Only two patients with skin-limited LCH experienced disease progression after first therapy. Of the eight patients who were eventually treated, five patients achieved non-active disease (NAD) after initial therapy, two patients developed active disease (AD)/worse, and one patient was lost to follow-up before therapy response could be assessed. Both patients with AD/worse post treatment received oral methotrexate as initial therapy. Of the twenty skin-limited LCH patients, eighteen (90%) had NAD at time of last follow-up. Three year overall survival (OS) of all patients with skin-limited LCH was 100%. Progression was noted in six patients (3-year PFS 70%). If progression only after therapy initiation is considered, however, the 3-year PFS was 89% (Figure 2, A).

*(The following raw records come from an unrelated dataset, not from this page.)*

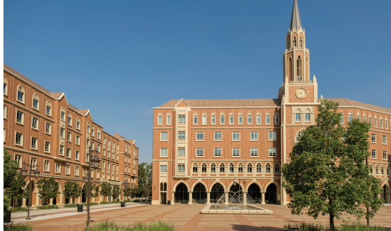
Coreslab Structures (LA) Inc. of Perris, Calif., was recognized with the 2018 Sidney Freedman Craftsmanship Award for its work on USC Village at the University of Southern California in Los Angeles.
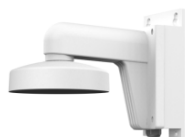
DS-1273ZJ-130B Wall Mount with junction box
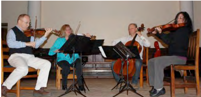
Arianna String Quartet (ASQ)
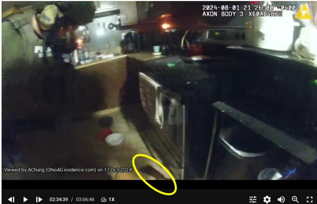
Photograph of a buttstock of a long gun observed on the kitchen floor.

Officer Involved Critical Incident - 818 Cherryberry Dr., Columbus, OH 43228 (L)

Multisystem LCH Including Skin Lesions
Patients with skin plus multisystem LCH were treated with systemic chemotherapy. Thirty-nine patients had evaluable response to therapy, three were lost to follow-up, and one with risk-organ involvement died prior to initiation of therapy. Three year OS of patients with skin plus multisystem disease who received treatment was 100%. However, patients with skin plus multisystem disease (3-year progression 77%) were significantly more likely to progress than those with skin-limited disease (3-year progression 30%) (P=0.005; Figure 2, B). Forty-four percent of patients with skin plus multisystem disease had risk-organ involvement at diagnosis. There was no significant difference in progression between skin plus multisystem patients with risk-organ involvement (n = 17; 3-year progression 80%) versus non-risk involvement (n = 22; 3 year progression 68%) (P=0.26; Figure 2, C). Median time to progression was 11 months in risk-organ disease and 16.3 months without risk-organ disease.

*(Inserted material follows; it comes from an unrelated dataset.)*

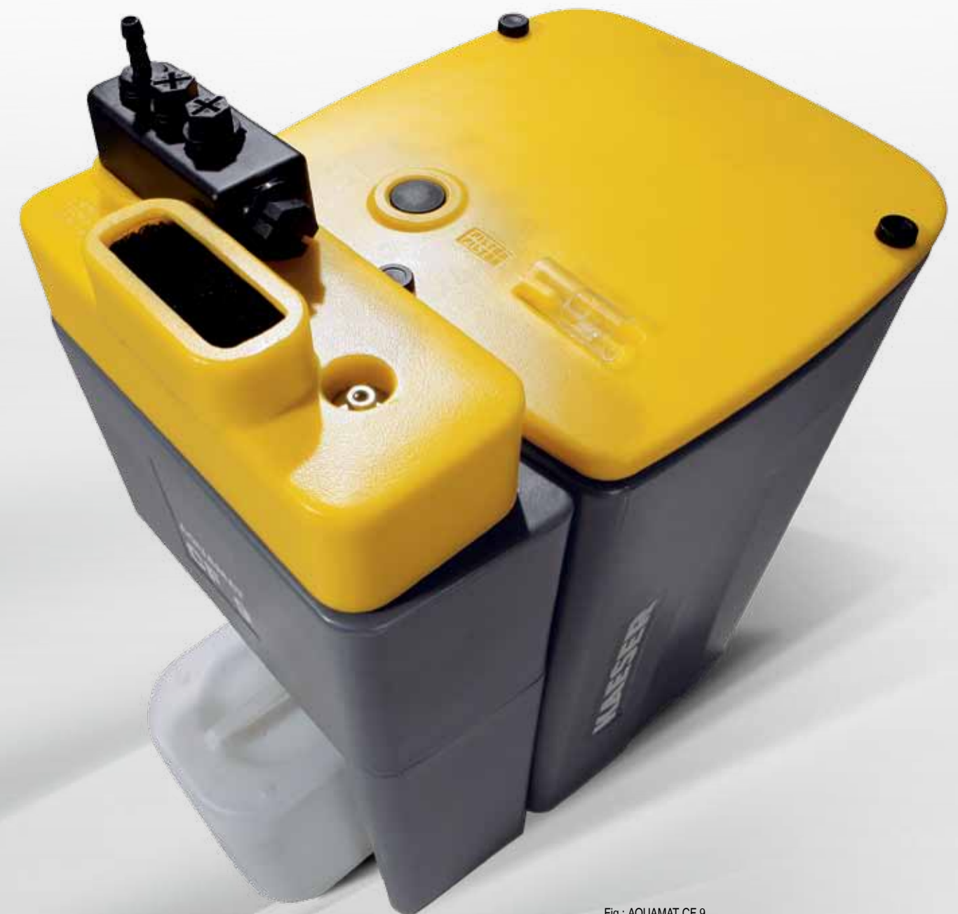
Fig.: AQUAMAT CF 9

To evaluate the effect of standard vinblastine/prednisone-based therapy in the management of skin plus multisystem LCH, and to minimize referral bias, we separately evaluated the 17 patients treated with this regimen as primary therapy within our institution and identified no significant difference in progression between patients with or without risk-organ disease (Figure 2, D). The majority of these patients with skin plus multisystem disease (56%) experienced disease progression during or after initial therapy, whereas patients with skin-limited disease rarely experienced post-treatment disease progression (11%) (Hazard ratio 4.00, 95% CI 1.22–13.18, P=0.02; Figure 2, E). Of the six patients with risk-organ involvement who experienced disease progression, five had persistence or progression of disease in risk organs, and none achieved NAD before disease progression. Of the three patients without risk-organ involvement that recurred, all achieved NAD before recurrence, and only one had disease recurrence in an organ besides skin.
Patients with skin plus multisystem disease usually responded to salvage therapy but often required multiple different regimens for a durable complete response. Of the 39 patients with evaluable therapy response, 29 (74%) had NAD at time of last follow-up after a median of 3 distinct therapy regimens. Among patients with AD at last evaluation, five patients were AD/better and five were AD/worse after a median of 2.5 regimens. Risk-organ involvement did not predict eventual failure to develop NAD (P=1.00). No deaths occurred after treatment initiation in this series.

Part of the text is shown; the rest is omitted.